In vertebrates, the breaking of left-right symmetry is established around a structure known as the left-right organizer (LRO). In mouse, zebrafish, frog and humans, asymmetric fluid flow, generated by motile monocilia projecting into the extracellular fluid of the LRO, leads to asymmetric gene expression patterns around the LRO (10). Consequently, loss of flow or the motile cilia results in situs defects in animal models and humans (11–13). In many vertebrates the output of the LRO first manifests as decreased expression of Dand5 (also known as charon in zebrafish or Cerl2 in mouse), which normally represses the TGF-β family member Nodal, a secreted morphogen that is transiently expressed on the left side of the embryo (14, 15). Nodal upregulates its own transcription, as well as transcription of the homeobox domain transcription factor Pitx2 (16). Despite asymmetric Nodal expression lasting only a matter of hours, murine Pitx2 expression persists in the left lung and cardiac tissue throughout organogenesis and into adulthood (16–21). Pitx2 plays a critical role in the establishment of left-right asymmetry and homozygous murine mutants display pronounced phenotypes. For example, at E12.5, murine Pitx2 homozygotes display cardiac situs defects and right pulmonary isomerism (identical lobar anatomy of the left and right lungs) (19), while second heart field-specific Pitx2 mutations cause severe cardiac outflow tract defects (22). In patients, heterozygous PITX2 mutations cause Axenfeld-Rieger syndrome (ARS), and despite multi-organ involvement, organ situs defects have not been observed (23–25).
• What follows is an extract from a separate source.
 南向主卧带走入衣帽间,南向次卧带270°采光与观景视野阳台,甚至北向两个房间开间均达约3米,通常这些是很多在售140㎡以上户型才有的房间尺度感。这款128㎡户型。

This likely reflects patients’ heterozygous variants, compared with homozygous deletion of Pitx2, that can be achieved either globally or in the secondary heart field of murine models (19, 22).
Precise control of left-right patterning relies on the establishment of a signaling barrier to separate left– and right–specific gene expression programs. Critical components of the midline barrier are the TGF-β family members Lefty1/2 (26, 27) that are expressed in the midline and on the left side diffuse to the midline and right side to inhibit Nodal signaling. Although both genes are expressed in the same region, the increased diffusion of Lefty proteins (relative to Nodal) limits Nodal target gene activation on the right side of the embryo (28). Consequently, mice with a deletion in the Lefty2 enhancer that is activated by Nodal, display left isomerism (29) while variants in LEFTY1/2 are associated with congenital heart defects (30). Illustrating significant additional complexities in the control of left-right patterning, pathways initiated on the right side of the embryo have also been shown to contribute to organ laterality, as demonstrated by BMP-dependent activation of Prrx1a in cardiac laterality and the role of hyaluronan in determining midgut laterality (31, 32).
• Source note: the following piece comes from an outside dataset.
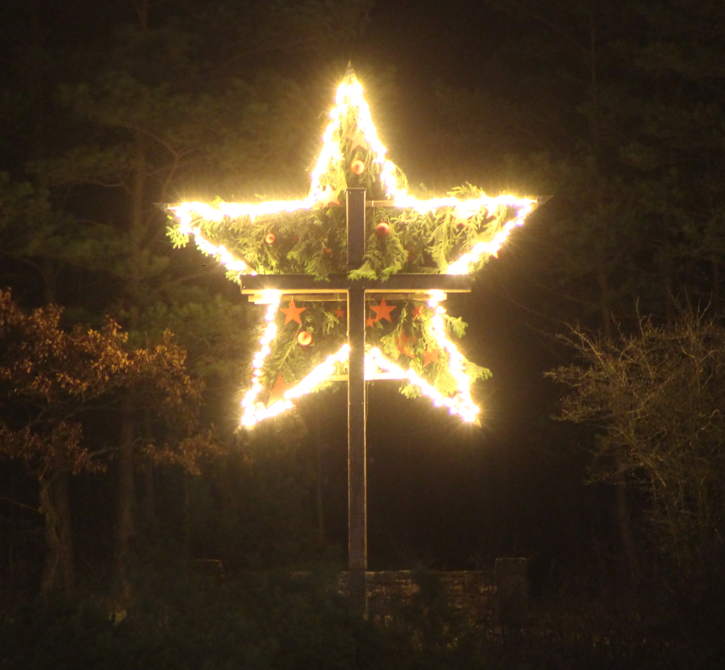 Sternförmige Lichtinstallation am Haslichkreuz in Wollbach (Unterfranken). Zwar kein astronomisches Objekt, aber trotzdem schön.

Axenfeld-Rieger syndrome (ARS) is an autosomal dominant condition caused by mutation and copy number variation of PITX2 and FOXC1 (24, 33–35). The ARS phenotypic spectrum includes ocular anterior segment dysgenesis, early-onset glaucoma, craniofacial dysmorphism, cerebral small vessel disease, cerebellar vermis hypoplasia, and hydrocephalus (36–41). Despite no reported association with laterality defects, congenital heart defects are present in ARS and these include atrial and ventricular septal defects, valve stenosis and persistent truncus arteriosus (24, 42–46) particularly associated with FOXC1 mutations (23, 24, 47, 48). Murine Foxc1 mutants also exhibit CHDs, but no analysis of L-R patterning has been completed (49).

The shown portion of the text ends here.